----- THE RECORDS

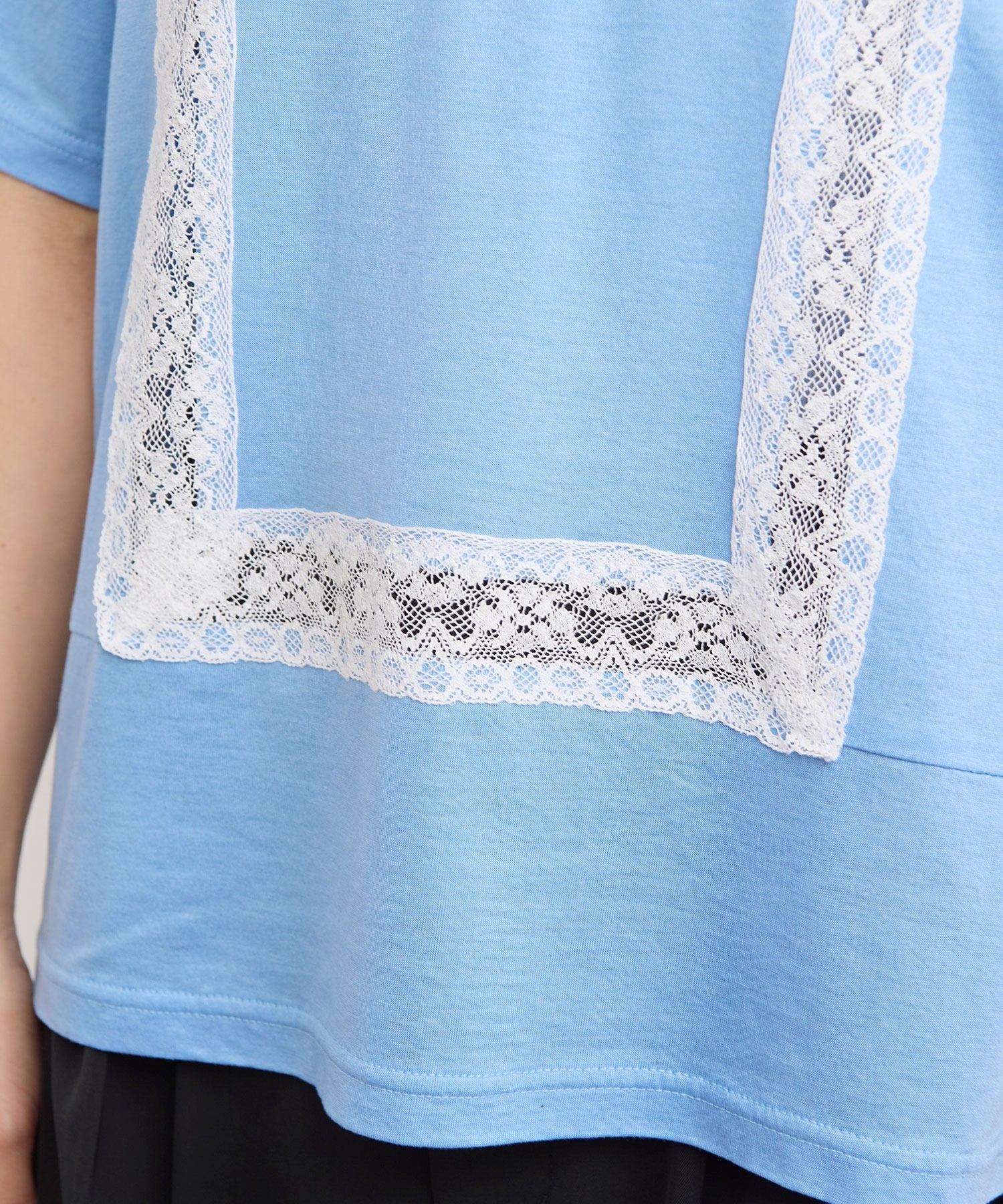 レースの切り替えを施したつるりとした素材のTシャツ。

----------
----- THE RECORDS

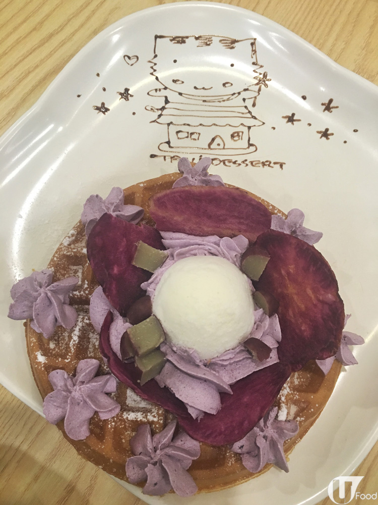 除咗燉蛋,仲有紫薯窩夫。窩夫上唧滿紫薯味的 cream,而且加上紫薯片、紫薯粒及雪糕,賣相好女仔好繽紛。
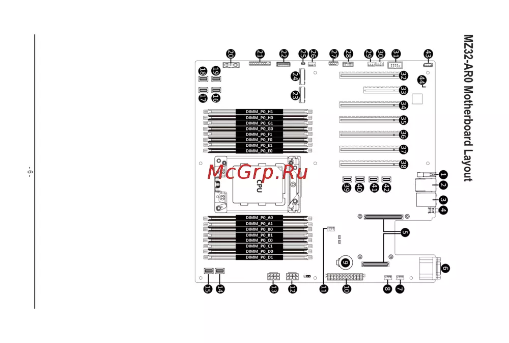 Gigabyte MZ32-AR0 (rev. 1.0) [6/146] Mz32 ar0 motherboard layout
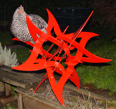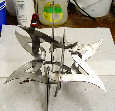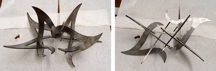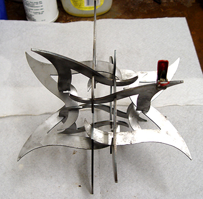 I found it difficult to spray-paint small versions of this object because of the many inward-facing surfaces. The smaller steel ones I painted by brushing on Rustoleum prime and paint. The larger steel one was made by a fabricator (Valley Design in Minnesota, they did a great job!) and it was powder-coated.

----------

From the listing above, repeat only the lines between the line containing "除咗燉蛋,仲有紫薯窩夫。窩夫" and the line containing "Gigabyte MZ32-AR0 (rev.", those two included. Pictures are not part of the copy.

OUTPUT FOR THIS TASK
 除咗燉蛋,仲有紫薯窩夫。窩夫上唧滿紫薯味的 cream,而且加上紫薯片、紫薯粒及雪糕,賣相好女仔好繽紛。
 Gigabyte MZ32-AR0 (rev. 1.0) [6/146] Mz32 ar0 motherboard layout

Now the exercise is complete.